◆ MATERIAL PROVIDED ◆
_ _ _

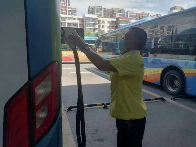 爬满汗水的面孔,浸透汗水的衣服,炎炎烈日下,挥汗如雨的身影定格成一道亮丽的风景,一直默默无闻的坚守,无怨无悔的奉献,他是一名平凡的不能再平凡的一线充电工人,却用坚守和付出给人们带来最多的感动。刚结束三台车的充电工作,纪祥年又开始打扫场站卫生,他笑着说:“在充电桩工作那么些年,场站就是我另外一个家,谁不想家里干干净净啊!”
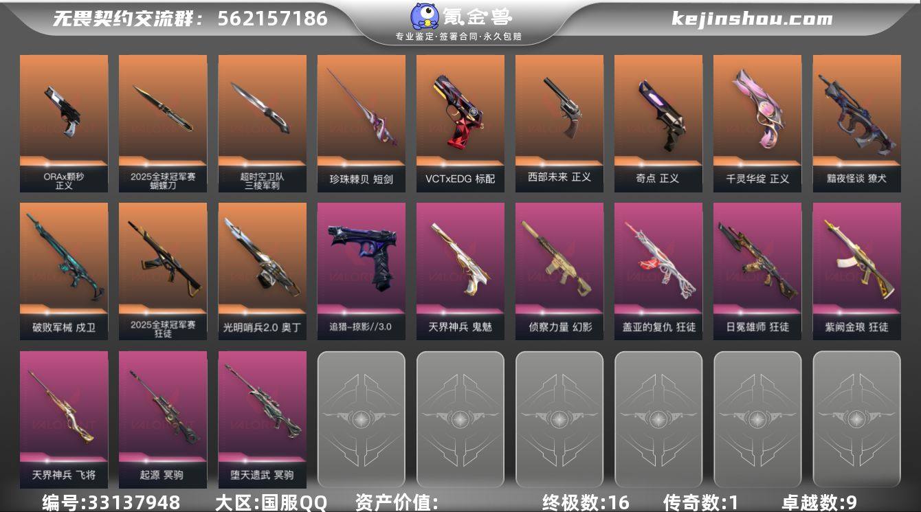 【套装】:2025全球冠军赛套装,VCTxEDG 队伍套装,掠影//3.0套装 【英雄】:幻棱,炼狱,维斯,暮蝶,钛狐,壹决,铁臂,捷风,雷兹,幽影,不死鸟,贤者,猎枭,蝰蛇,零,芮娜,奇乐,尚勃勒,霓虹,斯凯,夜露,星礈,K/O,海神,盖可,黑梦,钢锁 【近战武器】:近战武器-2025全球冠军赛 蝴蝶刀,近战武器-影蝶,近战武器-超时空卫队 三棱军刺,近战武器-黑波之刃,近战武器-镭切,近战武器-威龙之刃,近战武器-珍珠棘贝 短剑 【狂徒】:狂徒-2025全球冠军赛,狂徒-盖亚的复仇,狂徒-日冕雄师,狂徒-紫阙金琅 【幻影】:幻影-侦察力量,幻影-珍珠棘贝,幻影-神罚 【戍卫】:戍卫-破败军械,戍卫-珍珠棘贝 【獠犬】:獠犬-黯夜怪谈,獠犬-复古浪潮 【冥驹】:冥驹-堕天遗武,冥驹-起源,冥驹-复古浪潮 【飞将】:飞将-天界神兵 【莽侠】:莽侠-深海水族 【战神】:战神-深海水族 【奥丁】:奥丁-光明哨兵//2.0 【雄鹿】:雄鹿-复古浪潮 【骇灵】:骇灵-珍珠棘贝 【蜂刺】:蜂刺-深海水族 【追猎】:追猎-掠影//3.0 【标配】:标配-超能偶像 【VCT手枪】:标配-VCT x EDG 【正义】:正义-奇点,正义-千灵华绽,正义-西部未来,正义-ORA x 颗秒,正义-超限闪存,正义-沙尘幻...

_ _ _

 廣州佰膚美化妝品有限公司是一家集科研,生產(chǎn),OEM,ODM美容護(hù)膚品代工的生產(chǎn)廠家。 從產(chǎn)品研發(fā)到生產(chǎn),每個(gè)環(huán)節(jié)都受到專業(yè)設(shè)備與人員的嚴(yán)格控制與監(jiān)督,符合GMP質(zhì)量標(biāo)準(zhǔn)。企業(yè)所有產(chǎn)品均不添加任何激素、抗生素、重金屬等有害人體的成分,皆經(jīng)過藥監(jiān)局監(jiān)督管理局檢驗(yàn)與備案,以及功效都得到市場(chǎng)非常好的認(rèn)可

_ _ _

◆ EXERCISE DIRECTIONS ◆
Using the listing above, reproduce word for word every line from the one containing "爬满汗水的面孔,浸透汗水的衣" through the one containing "EDG 【正义】:正义-奇点,正义-千灵华绽,正义-西部未来,正义-ORA x 颗秒,正义-超限闪存,正义-沙尘幻...". Pictures must be left out.

◆ EXERCISE RESULT ◆
 爬满汗水的面孔,浸透汗水的衣服,炎炎烈日下,挥汗如雨的身影定格成一道亮丽的风景,一直默默无闻的坚守,无怨无悔的奉献,他是一名平凡的不能再平凡的一线充电工人,却用坚守和付出给人们带来最多的感动。刚结束三台车的充电工作,纪祥年又开始打扫场站卫生,他笑着说:“在充电桩工作那么些年,场站就是我另外一个家,谁不想家里干干净净啊!”
 【套装】:2025全球冠军赛套装,VCTxEDG 队伍套装,掠影//3.0套装 【英雄】:幻棱,炼狱,维斯,暮蝶,钛狐,壹决,铁臂,捷风,雷兹,幽影,不死鸟,贤者,猎枭,蝰蛇,零,芮娜,奇乐,尚勃勒,霓虹,斯凯,夜露,星礈,K/O,海神,盖可,黑梦,钢锁 【近战武器】:近战武器-2025全球冠军赛 蝴蝶刀,近战武器-影蝶,近战武器-超时空卫队 三棱军刺,近战武器-黑波之刃,近战武器-镭切,近战武器-威龙之刃,近战武器-珍珠棘贝 短剑 【狂徒】:狂徒-2025全球冠军赛,狂徒-盖亚的复仇,狂徒-日冕雄师,狂徒-紫阙金琅 【幻影】:幻影-侦察力量,幻影-珍珠棘贝,幻影-神罚 【戍卫】:戍卫-破败军械,戍卫-珍珠棘贝 【獠犬】:獠犬-黯夜怪谈,獠犬-复古浪潮 【冥驹】:冥驹-堕天遗武,冥驹-起源,冥驹-复古浪潮 【飞将】:飞将-天界神兵 【莽侠】:莽侠-深海水族 【战神】:战神-深海水族 【奥丁】:奥丁-光明哨兵//2.0 【雄鹿】:雄鹿-复古浪潮 【骇灵】:骇灵-珍珠棘贝 【蜂刺】:蜂刺-深海水族 【追猎】:追猎-掠影//3.0 【标配】:标配-超能偶像 【VCT手枪】:标配-VCT x EDG 【正义】:正义-奇点,正义-千灵华绽,正义-西部未来,正义-ORA x 颗秒,正义-超限闪存,正义-沙尘幻...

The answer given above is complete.